[WHAT IS EXPECTED]
The task calls for each record to be given again unchanged, minus any pictures.

*** Block opens ***

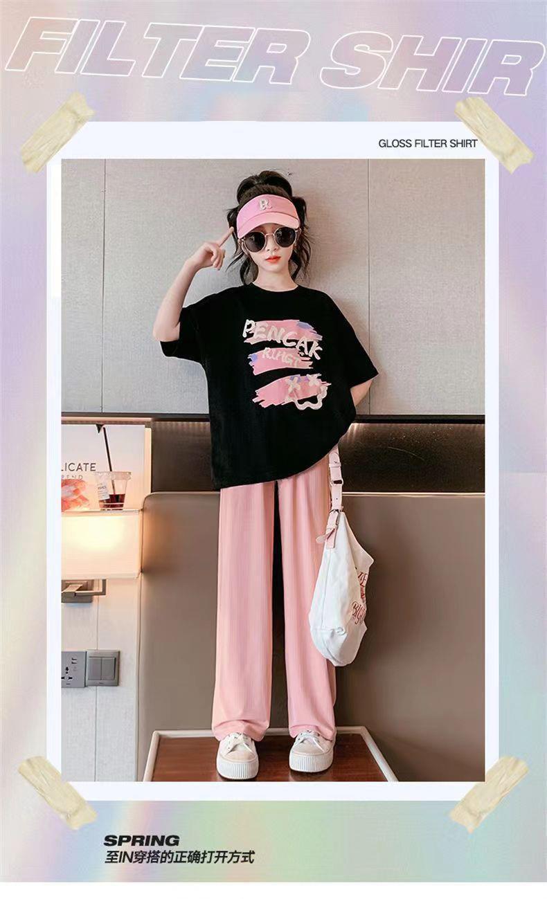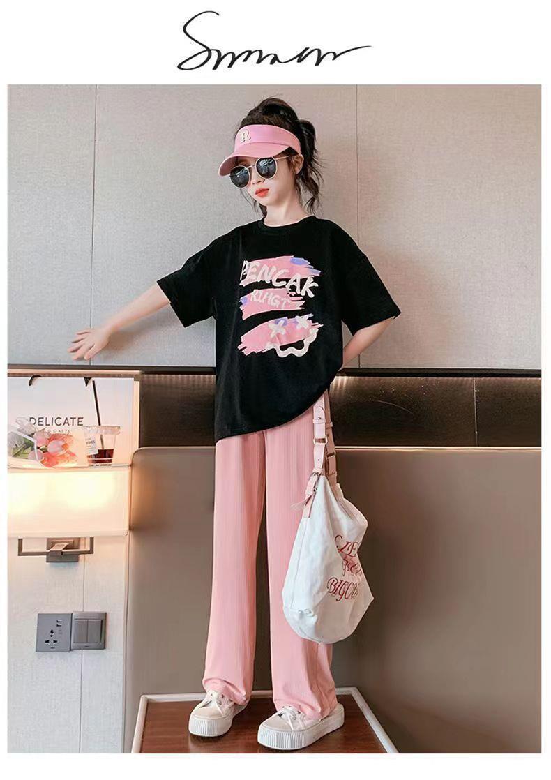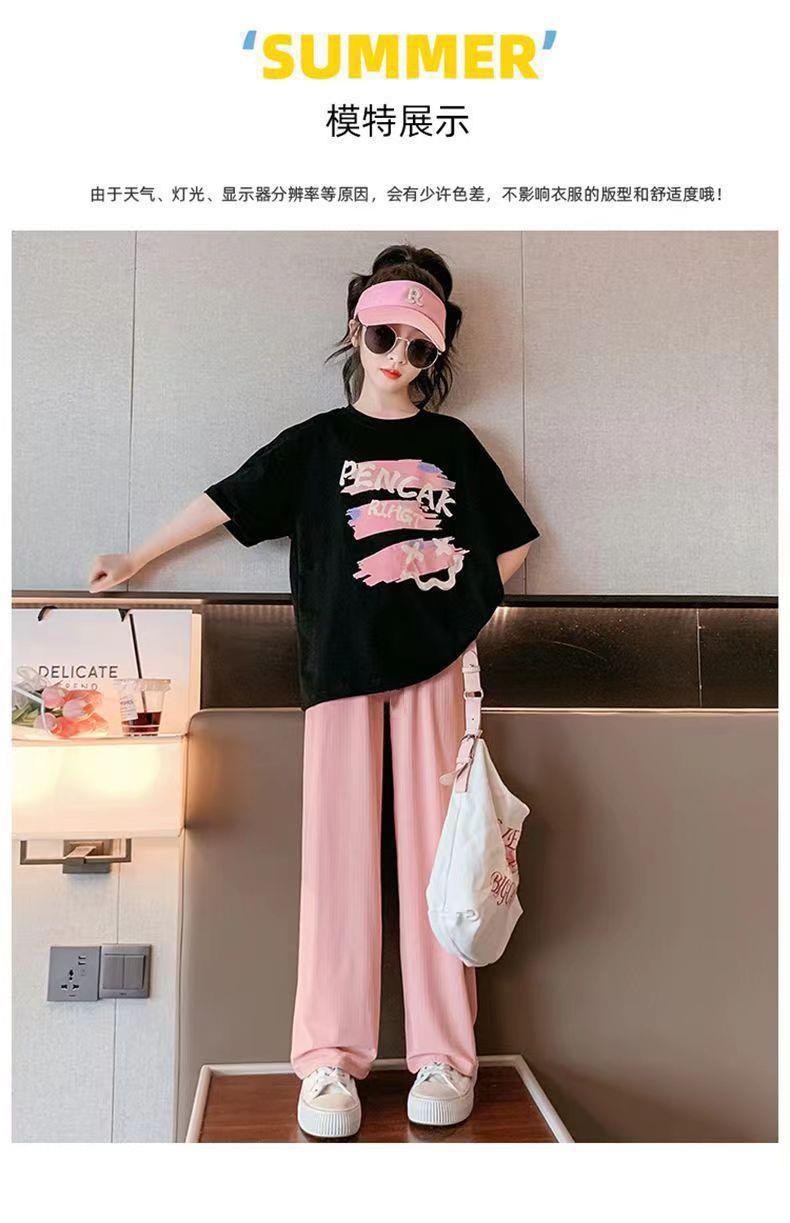 Conjunto de camiseta de manga corta para niña, verano 2024, nuevo estilo, ropa para niña, ropa de verano para niña grande.
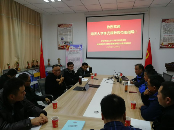 2020年1月8日上午,应365上市公司和安徽省智能感知与计算高校重点实验室的邀请,同济大学博士生导师李光耀教授来我院进行指导,并参加在稼先楼南108会议室举行的座谈会。校党委常委、教务处处长苏本跃教授出席座谈会,我院部分教授、博士及研究生参加,座谈会由365上市公司院长王一宾教授主持。
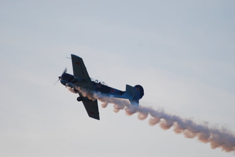 Showflug mit Smoke ein Yak-52 aufgenommen bei den Flugtagen Lübeck auf den Flughafen Lübeck Blankensee am 27.09.08
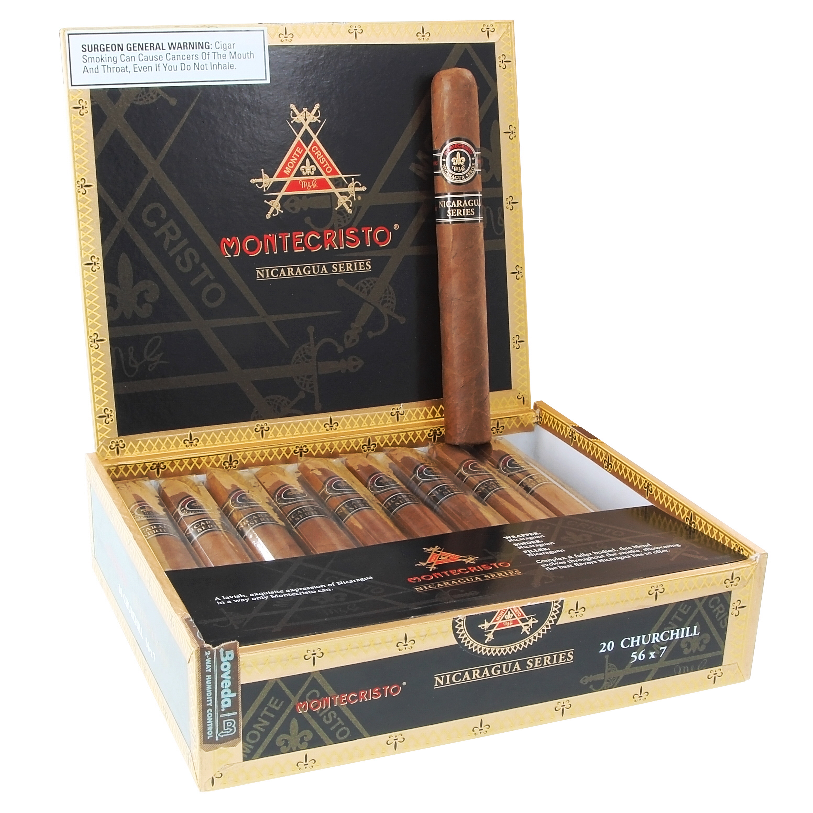 | Montecristo Nicaragua Churchill | Churchill | 7″ × 56 | ~15–19 USD/điếu | Medium–Full | Cà phê, gỗ, tiêu đen, cacao, caramel | Cân bằng giữa phong cách Cuba và Nicaragua, khói dày, mượt |
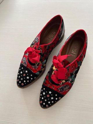 Zapatos de la marca Nuñez de Arenas en color azul. - Diseño con detalle de bigote bordado. - Cierre de cordones. - Suela blanca. ✅ Puestos muy pocas veces, no me acostumbro a zapatos, solo llevo zapatillas.
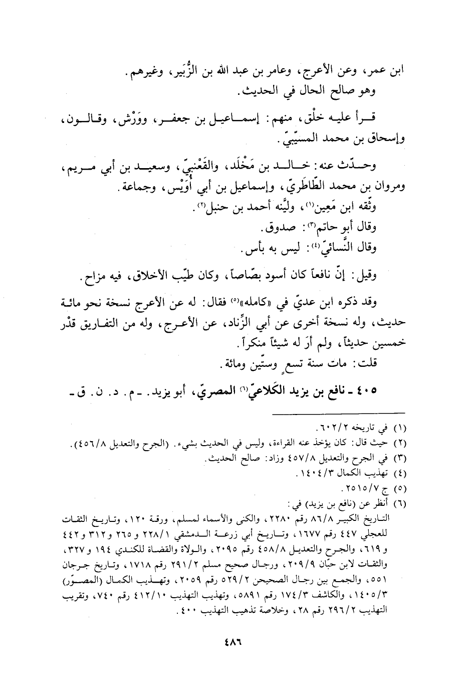 405- نَافِعُ بْنُ يَزِيدَ الْكَلاعِيُّ [6] الْمِصْرِيُّ، أبو يزيد. - م. د. ن. ق-
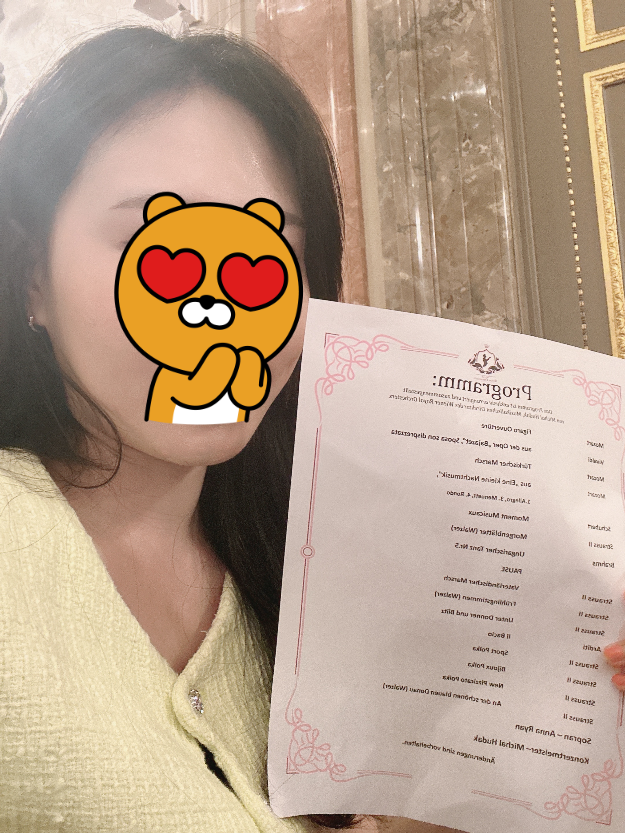 집으로 돌아가는 길에 빈 국립 오페라극장을 지나치는데 어떤 분이 오케스트라 안보냐면서 말을 걸었어요,, 처음에 사기꾼인줄 알고 말했는데 내일 공연 빈좌석 파는 분이었어요. 원래 여행 전에 어플로 예약을 했었는데 자동 취소가 되서 못보나 싶었는데 오히려 저렴하게 티켓구매해서 잘 보고 왔습니다. 엄청 큰 오케스트라가 아니어서 관중들이랑 연주자들이 함께하는 공연이었어요. 찾아가실때 공연장이 여러개가 있어요! 건물이 다 다른데 어디 건물인지 지도 찍어서 가야되요! 저희도 한참 찾았습니다. 노래만 계속 들었다면 좀 지루했을 수도 있었는데 연주자들의 센스로 재밌게보고 왔어요! 나오니까 비가 와서 비맞으면서 집으로 돌아갔네요! !
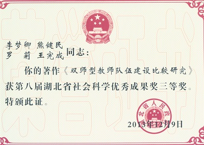 2. 第八届湖北省社会科学优秀成果奖(获奖著作:《双师型教师队伍建设比较研究》)
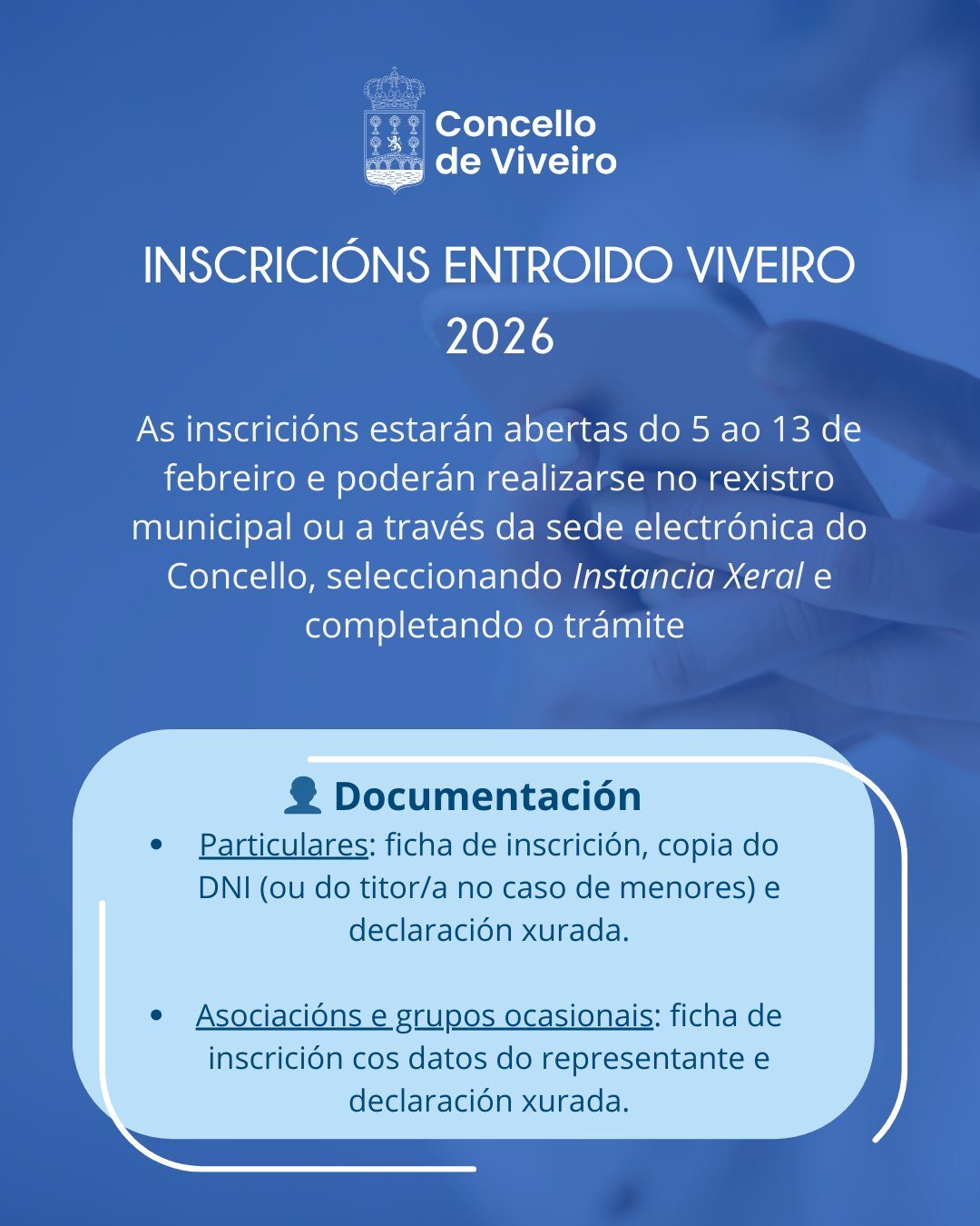 O prazo de inscrición estará aberto do 5 ao 13 de febreiro de 2026, podendo realizarse tanto no rexistro municipal como a través da sede electrónica do Concello de Viveiro, achegando a documentación requirida segundo o tipo de participante.

*** Block closes ***

[TASK RESULT]
 Conjunto de camiseta de manga corta para niña, verano 2024, nuevo estilo, ropa para niña, ropa de verano para niña grande.
 2020年1月8日上午,应365上市公司和安徽省智能感知与计算高校重点实验室的邀请,同济大学博士生导师李光耀教授来我院进行指导,并参加在稼先楼南108会议室举行的座谈会。校党委常委、教务处处长苏本跃教授出席座谈会,我院部分教授、博士及研究生参加,座谈会由365上市公司院长王一宾教授主持。
 Showflug mit Smoke ein Yak-52 aufgenommen bei den Flugtagen Lübeck auf den Flughafen Lübeck Blankensee am 27.09.08
 | Montecristo Nicaragua Churchill | Churchill | 7″ × 56 | ~15–19 USD/điếu | Medium–Full | Cà phê, gỗ, tiêu đen, cacao, caramel | Cân bằng giữa phong cách Cuba và Nicaragua, khói dày, mượt |
 Zapatos de la marca Nuñez de Arenas en color azul. - Diseño con detalle de bigote bordado. - Cierre de cordones. - Suela blanca. ✅ Puestos muy pocas veces, no me acostumbro a zapatos, solo llevo zapatillas.
 405- نَافِعُ بْنُ يَزِيدَ الْكَلاعِيُّ [6] الْمِصْرِيُّ، أبو يزيد. - م. د. ن. ق-
 집으로 돌아가는 길에 빈 국립 오페라극장을 지나치는데 어떤 분이 오케스트라 안보냐면서 말을 걸었어요,, 처음에 사기꾼인줄 알고 말했는데 내일 공연 빈좌석 파는 분이었어요. 원래 여행 전에 어플로 예약을 했었는데 자동 취소가 되서 못보나 싶었는데 오히려 저렴하게 티켓구매해서 잘 보고 왔습니다. 엄청 큰 오케스트라가 아니어서 관중들이랑 연주자들이 함께하는 공연이었어요. 찾아가실때 공연장이 여러개가 있어요! 건물이 다 다른데 어디 건물인지 지도 찍어서 가야되요! 저희도 한참 찾았습니다. 노래만 계속 들었다면 좀 지루했을 수도 있었는데 연주자들의 센스로 재밌게보고 왔어요! 나오니까 비가 와서 비맞으면서 집으로 돌아갔네요! !
 2. 第八届湖北省社会科学优秀成果奖(获奖著作:《双师型教师队伍建设比较研究》)
 O prazo de inscrición estará aberto do 5 ao 13 de febreiro de 2026, podendo realizarse tanto no rexistro municipal como a través da sede electrónica do Concello de Viveiro, achegando a documentación requirida segundo o tipo de participante.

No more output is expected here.